Vermutlich gehören Entschuldigungen sonst nicht zum Repertoire des jungen Mannes. Aber heute entschuldigt er sich fortwährend: Dass man nicht anhalten könne, dass man keine Zeit für einen Besuch in den Gebäuden hat, dass die Handies ausgeschaltet und die Fotoapparate eingepackt bleiben müssen. Mit dem Bild des bösen Terroristen im Hinterkopf ist das für niemanden ein Problem.

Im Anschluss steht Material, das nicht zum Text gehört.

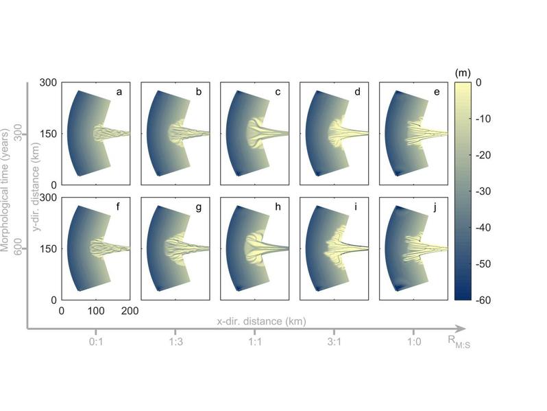 图2 不同组分系统在300年后(a-e)和600年后(f-j)的形态演变(口门附近),RM:S代表泥沙比例。

Kein Ausflugsteilnehmer fragt, was ein solcher Terrorist im Leverkusener Bayerwerk so alles anstellen könnte: Tabletten in die Luft jagen? Rote Farbe über das Stadtgebiet verteilen? Dass es sensible Bereiche wie die Phosgen-Produktion bei Bayer in Uerdingen gibt, wissen die Leute meist nicht. Wohlwollend werden stattdessen Selbstverständlichkeiten zur Kenntnis genommen, so dass Bayer Leverkusen das Gefahrstofflager nach der Sandoz-Katastrophe, als verseuchtes Löschwasser den Rhein vergiftete, mit einer doppelten Betonwanne absicherte. Mit dem Hinweis, das beliebte Bayer-Schwimmbad sei geschlossen worden, um Arbeitsplätze zu erhalten - nicht die im Schwimmbad, sondern nicht näher bezeichnete im Konzern - endet die Rundfahrt. Was die beim Schwimmbad eingesparte Million für einen Konzern bedeutet, der allein 2002 rund eine Milliarde Euro Gewinn machte, müssen die Bayer-Gäste sich selbst zusammenreimen.

Damit das Image des Konzerns nicht immer nur strahlend erscheint, müht sich die »Coordination gegen Bayer-Gefahren« (www.CBGnetwork.de) seit 25 Jahren um Gegeninformationen. Immer wieder können die Ehrenamtlichen um das CBG-Gründungsmitglied Axel Köhler-Schnura dem Konzern Schlampereien, Vertuschungen und den Vorrang der Konzerninteressen nachweisen.

»Leider ist unsere Arbeit im Jubiläumsjahr gefährdet. Auf Grund unserer konsequenten Tätigkeit erhalten wir keine offizielle Förderung und durch sinkende Beiträge und Spenden sind wir in akuter Gefahr geraten. Eine erste Sonderspendenwelle hat etwa die Hälfte des fehlenden Betrags erbracht - um zurück in gesicherte Verhältnisse zu kommen, benötigen wir weitere dreißigtausend Euro«, bittet Köhler-Schnura.

Das ist viel Geld für die kleine Initiative. Beim »Tag der offenen Tür« der Bayer AG waren das schätzungsweise die Kosten für die schönen blauen Luftballons.